Кстати сказать, Нед всегда удивлялся, почему это его мучители сами пригоняют коров в стадо, почему этим не занимаются работники? И только потом, слушая их мысли, узнал, что они стараются вырваться из дома на волю – поохотиться, искупаться в море, побездельничать под благовидным предлогом. Знали об этом родители парней и девушки или нет – Неду было неинтересно. Может, и знали. Скорее всего – знали.

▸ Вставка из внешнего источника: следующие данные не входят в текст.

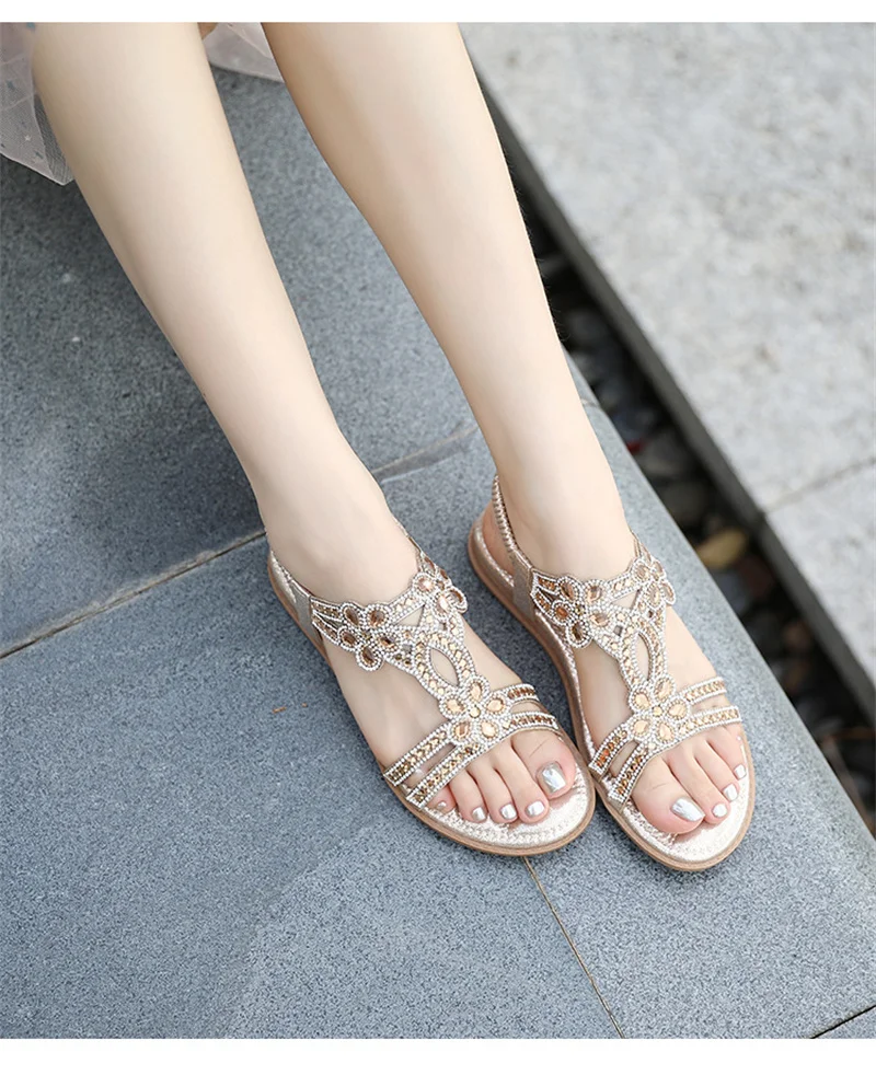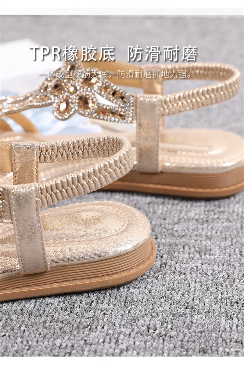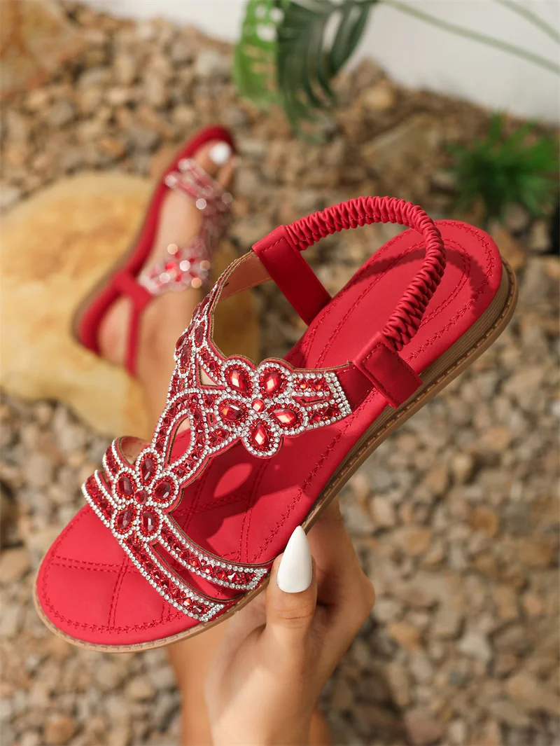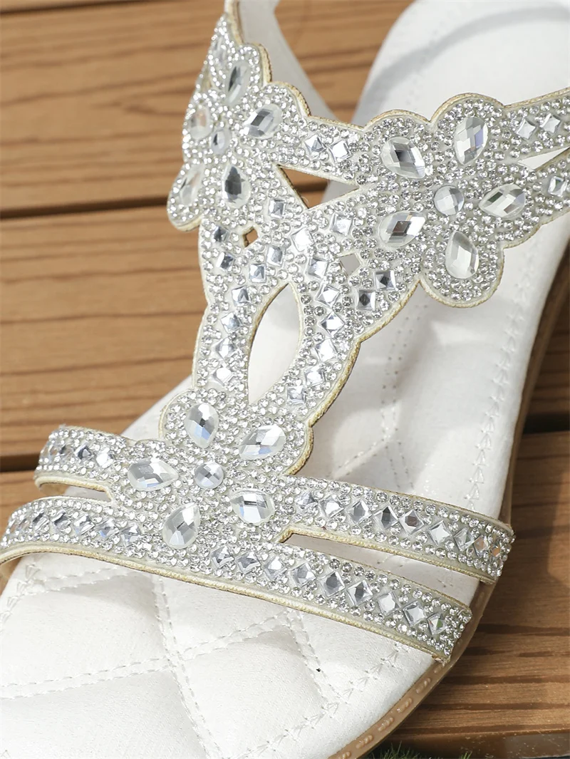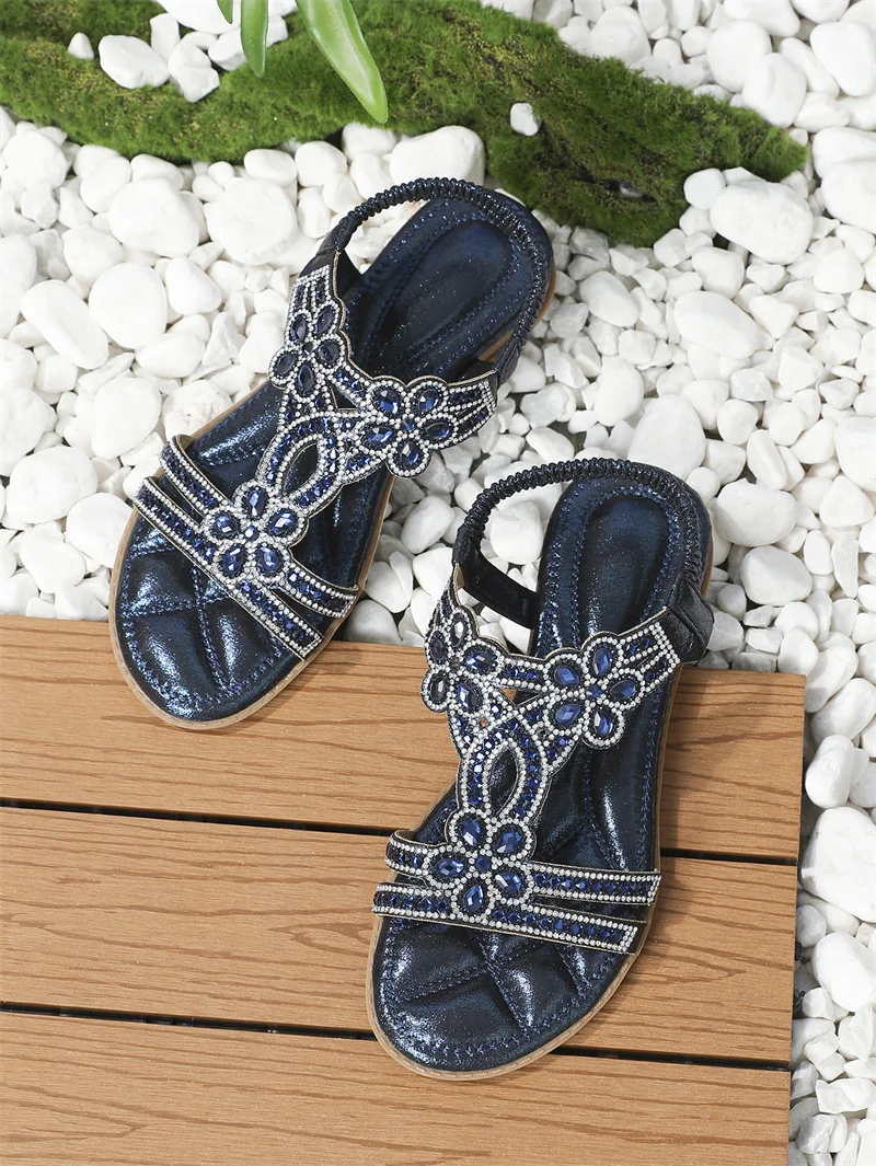 Plus Size Women’s Rhinestone Sandals – Elastic Band Open Toe Beach Shoes
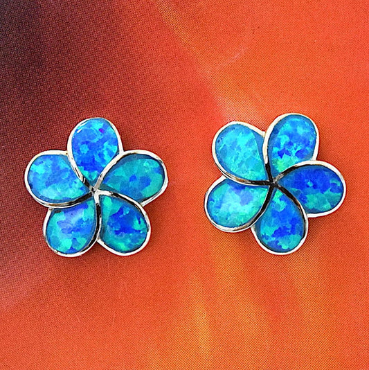 Hawaiian Blue Opal Plumeria Earrings, Sterling Silver Blue Opal Inlay Plumeria Stud Earrings, Hawaiian Christmas Mother Mom Birthday Gift
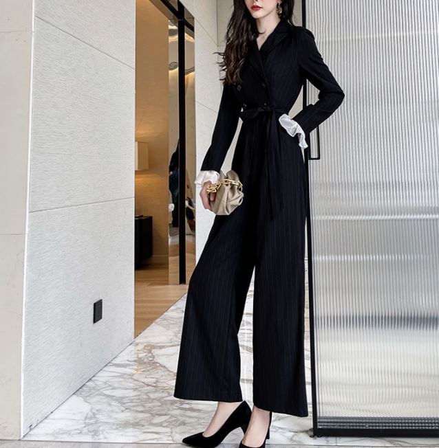 きれいめレディースファッション 【送料無料】 韓国ファッション 大きいサイズ S M L XL パンツドレス ストライプ柄 襟付き ロングパンツ スーツスタイル ウエストリボン 黒 パーティードレス きれいめ 結婚式 謝恩会 二次会 春秋冬 華やか おしゃれ セクシー 可愛い
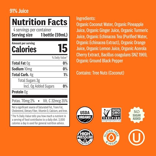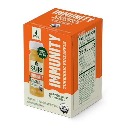 Specification: Suja Organic Immunity Defense Shot (2 Fl Oz x 4 Count) with Turmeric and Ginger | Immunity Boost & Support | Functional Shots | Cold-Pressed Juice with Live Probiotics | Plant-Based & Gluten-Free
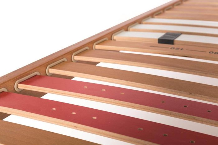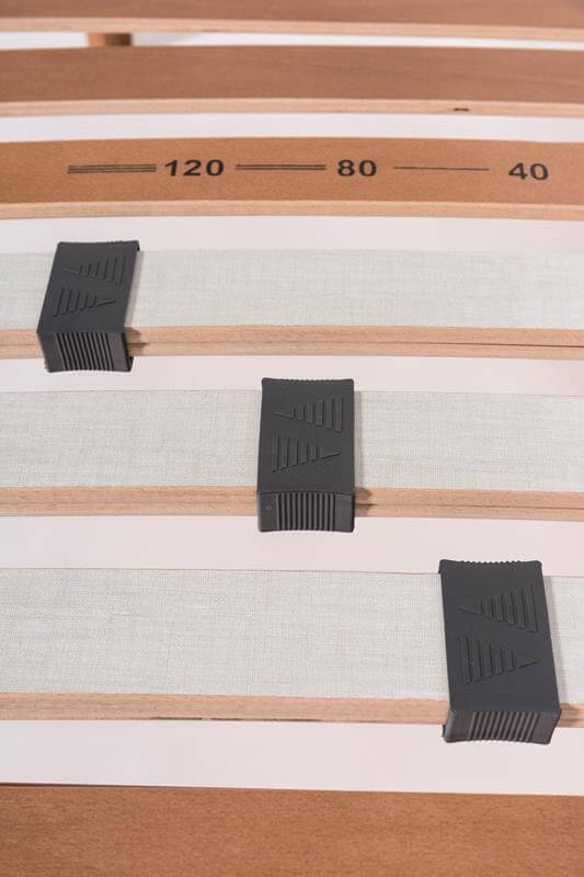 Le doghe nella zona delle spalle sono progettate con lavorazione a foratura per renderle più flessibili e offrire un supporto idoneo. I cursori ad anello svolgono consentono di regolare la portata della zona del bacino e bilanciare a piacimento il supporto ergonomico della rete.

Громыхая боталами, стадо потянулось из деревни, и Нед с видом военачальника посмотрел на спины коров. Иногда он представлял себе, что ведет не стадо, а воинскую ватагу на завоевание чужих земель, и вот он, вождь, стоит позади всех и мановением руки направляет своих воинов вперед, на завоевание чужеземцев.
Слава богам – бубнение, которое он убрал ночью, так и не появилось. «Пробки» держались крепко, и теперь он мог не слушать это демонское стадо, донимающее его своими мыслями. Впрочем, как и человеческое стадо, с их грязными секретиками и гнусными мыслишками. Кстати сказать, после нескольких дней и ночей прослушки он был точно уверен – животные гораздо порядочнее и честнее людей. Хотя, по правде сказать, в этом он был уверен всегда.
– Постой… как там тебя? Нед! Постой! – Услышав голос позади себя, Нед оглянулся и тут же узнал мужчину лет сорока пяти, с густой русой бородой, уложенной «лопатой» для солидности. Староста. Отец Салли.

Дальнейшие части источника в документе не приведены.